_RAW DATA_
╔══

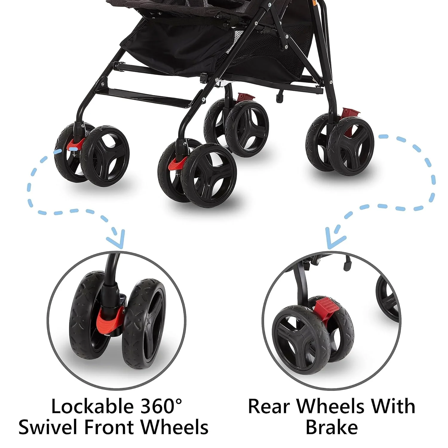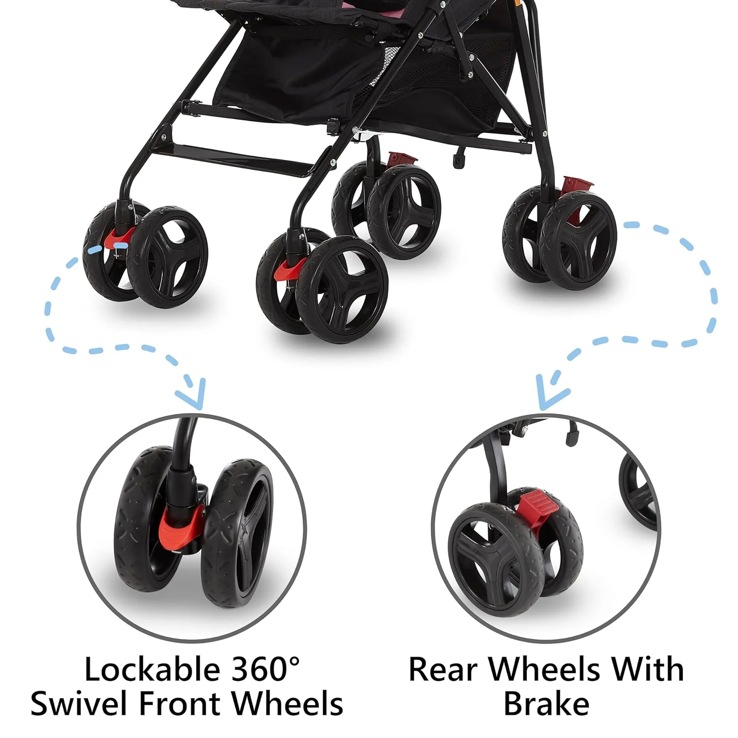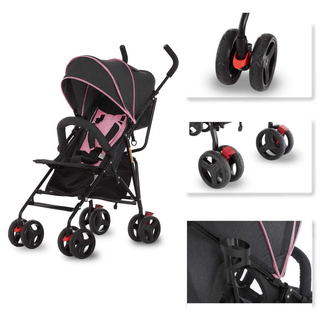 • Comes with a padded 5-point harness system, rear wheel brakes and swivel front wheels for a smoother ride over bumps, which lock in, when straight.
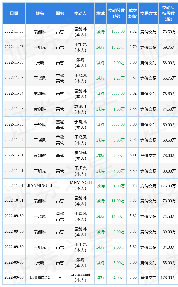 双成药业近半年内的董监高及核心技术人员增减持详情如下:
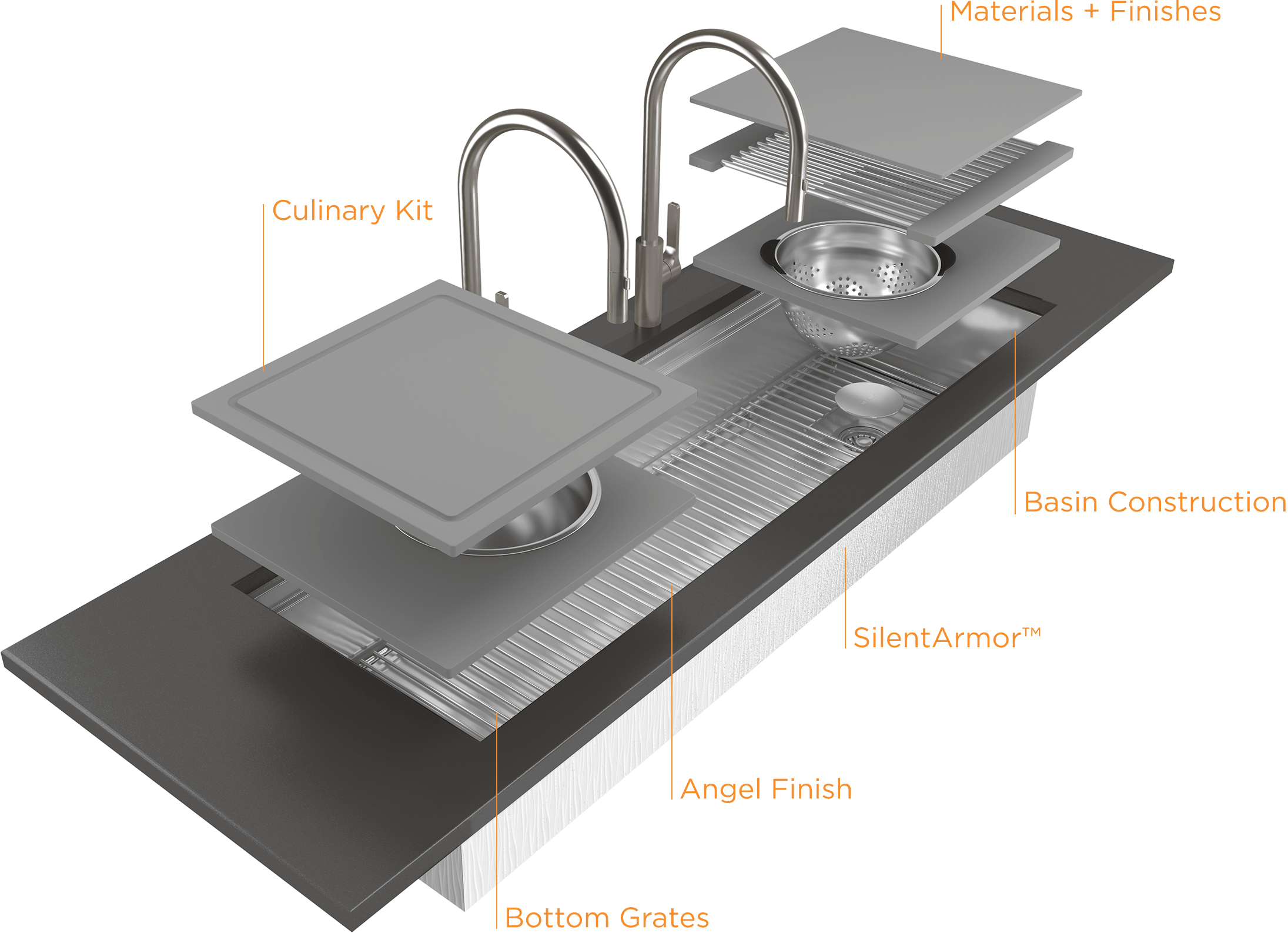 Our basins are fully wrapped with our exclusive Sound Reduction Technology

╚══

_TASK OBJECTIVE_
Give back the whole listing exactly as written. Do not include any picture.

_SOLVED PROBLEM_
 • Comes with a padded 5-point harness system, rear wheel brakes and swivel front wheels for a smoother ride over bumps, which lock in, when straight.
 双成药业近半年内的董监高及核心技术人员增减持详情如下:
 Our basins are fully wrapped with our exclusive Sound Reduction Technology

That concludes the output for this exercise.